Eugenie Breithut-Munk (12 July 1867, Vienna - 21 July 1915, Vienna) was an Austrian painter; specializing in portraits and genre scenes. She also designed bookplates, in the Art Nouveau style.

== Biography ==
She learned drawing at the "Allgemeinen Zeichenschule für Frauen und Mädchen" (drawing school for women and girls), from the architect, Franz Pönninger. This was followed by studies at the "Kunstgewerbeschule des K. K. Österreichischen Museums" (now the University of Applied Arts) with Karl Karger and Alois Delug. She then went to Munich, where she enrolled at the Damenakademie (Ladies' Academy), founded by Bertha von Tarnóczy. There, she studied with Ludwig Schmid-Reutte.

A scholarship grant enabled her to make study trips to Paris and London. In 1892, she had her first exhibit, in Paris, at the "Exposition des arts de la femme". She returned to Vienna in 1900. Shortly after, she married the painter and sculptor, Peter Breithut.

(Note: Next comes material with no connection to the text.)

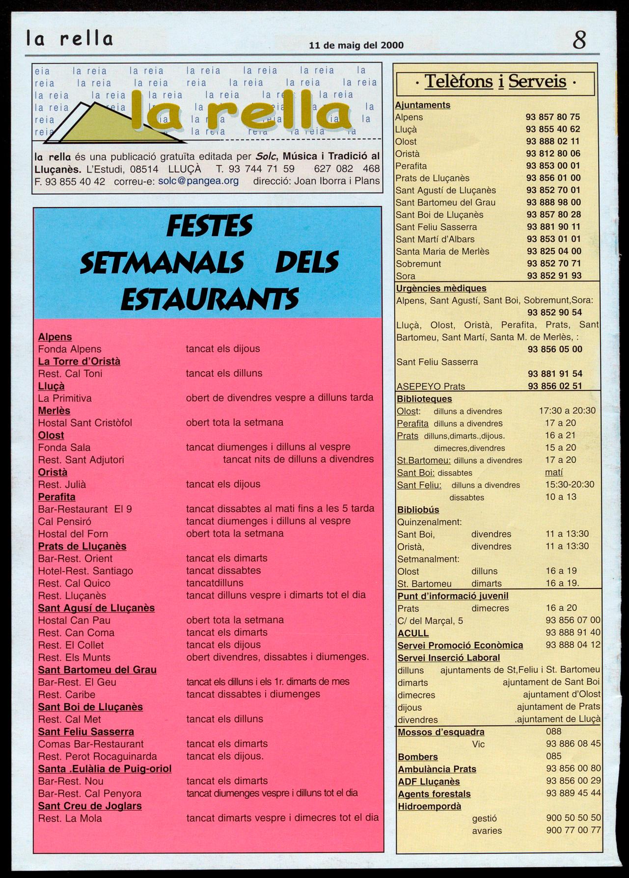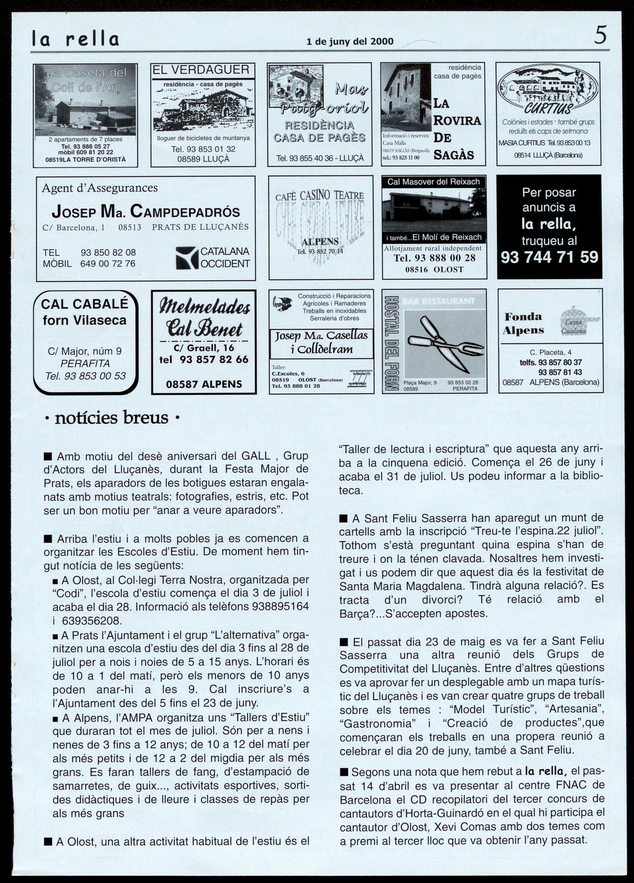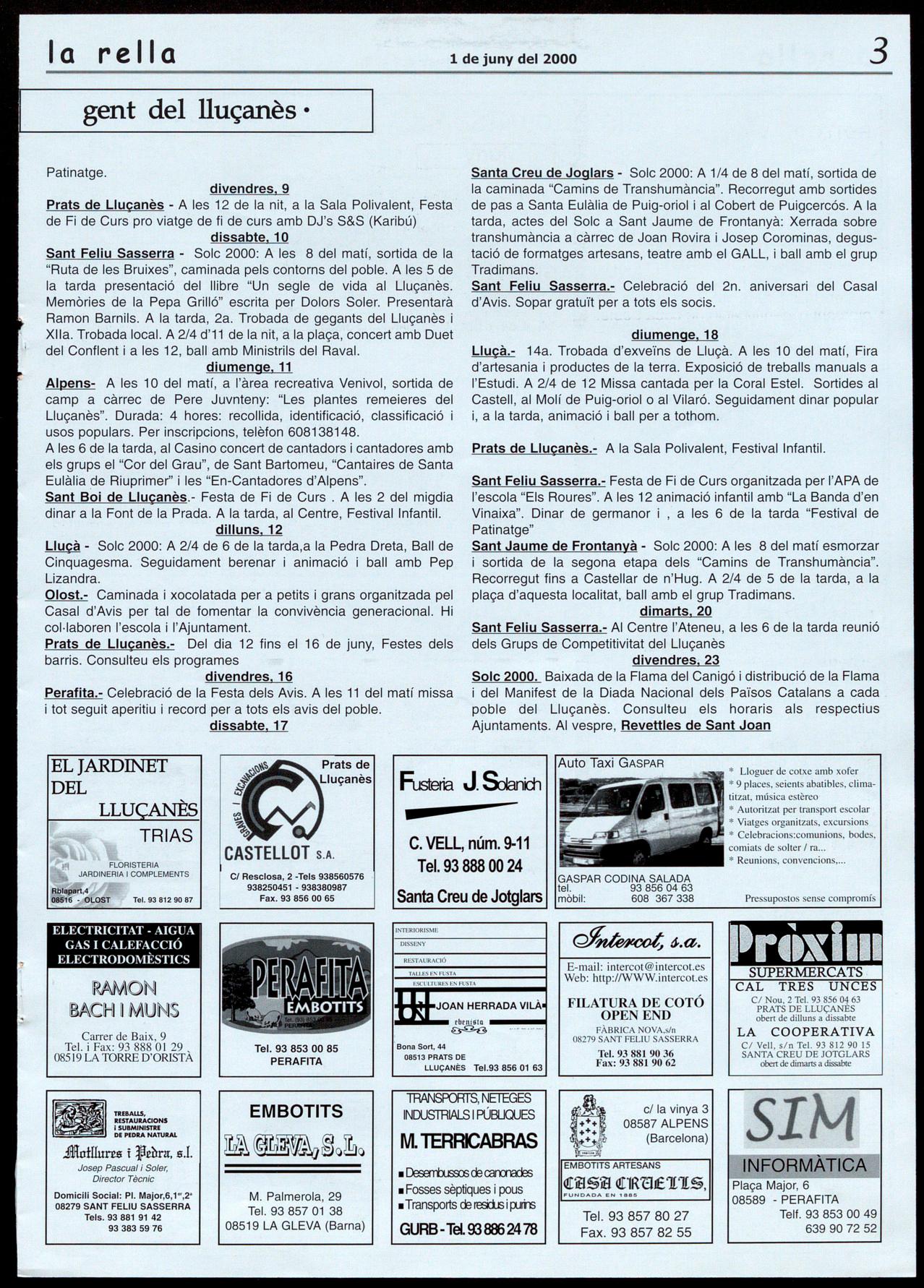 la rella és una publicació gratuïta editada per Solc, Música i Tradició al Lluçanès. L'Estudi, 08514 LLUÇÀ T. 93 744 71 59 627 082 468 F. 938554042 correu-e: solc@pangea.org direcció: Joan Ibarra i Plans

In 1901, she was one of the co-founders of the Acht Künstlerinnen, which had the goal of making works by female artists more accessible to the public. The other original members were Olga Wisinger-Florian (who began the organizing process), Marie Egner, Marianne von Eschenburg, Susanne Granitsch, Marie Müller, Teresa Feoderovna Ries, and Bertha von Tarnóczy. Until 1909, they exhibited bi-annually at the Salon Pisko. Other female artists were invited as guests; including Josefine Swoboda, Marie Arnsburg and Hermine von Janda. In 1906, they were represented at an exhibition in Earl's Court, London.

In 1908, she took part in the "Kunstschau am Heumarkt", with Gustav Klimt as the event's President. She also participated in several exhibitions at the Vienna Künstlerhaus, and with the Vienna Secession at the Secession Building.